Your ballot for the special election will use a system known as “ranked choice voting” for the mayoral and city council races.
But how does ranked choice voting work in elections like these? Do you have to rank every candidate in a race? And what happens if you rank your first choice multiple times?
Keep reading for what you need to know about ranked choice voting. You can also read more information about how to vote in Oakland’s special election.
- Jump straight to: Do I have to fill in all the rankings available?
In a nutshell, how does ranked choice voting work on my ballot?
Without ranked choice voting, your ballot will ask you to pick your No. 1 choice of candidate for a particular office — and that’s it.
Ranked choice voting allows you to pick your first choice candidate, followed by your second choice, your third choice and so on.
How this looks on your ballot: the candidates will be listed with columns next to the names that say “First Choice,” “Second Choice,” “Third Choice,” etc. Next to your first choice candidate’s name, you’ll fill in the oval in the “First Choice” column. You can then repeat the process for your second choice and third choice until you’ve completed all the rankings you want to give.

How are the votes then counted for those candidates?
Every voter’s first choices are counted — and if a single candidate gets more than 50% of everybody’s first choice votes, they win outright.

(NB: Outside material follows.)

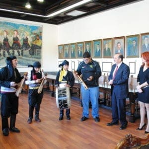 Ακολούθως τα Ποντιακά κάλαντα έπαιξε στο Δήμαρχο ομάδα Ποντίων της Ρόδου και στη συνέχεια ο Παγκαρπαθιακός Σύλλογος Ρόδου ο οποίος χάρισε στον κ. Χατζηδιάκο και το ημερολόγιο που εξέδωσε για το 2016 με Καρπάθικες συνταγές μαγειρικής.

But if no majority winner emerges from that first count of all the first choice votes, under ranked choice voting, the race then moves through several rounds of counting until a winner emerges:
- The candidate who got the fewest first choice votes is eliminated first;
- Voters who ranked that candidate as their first choice then have those votes count for their second choice instead;
- And so on, and so on, until one candidate has a majority.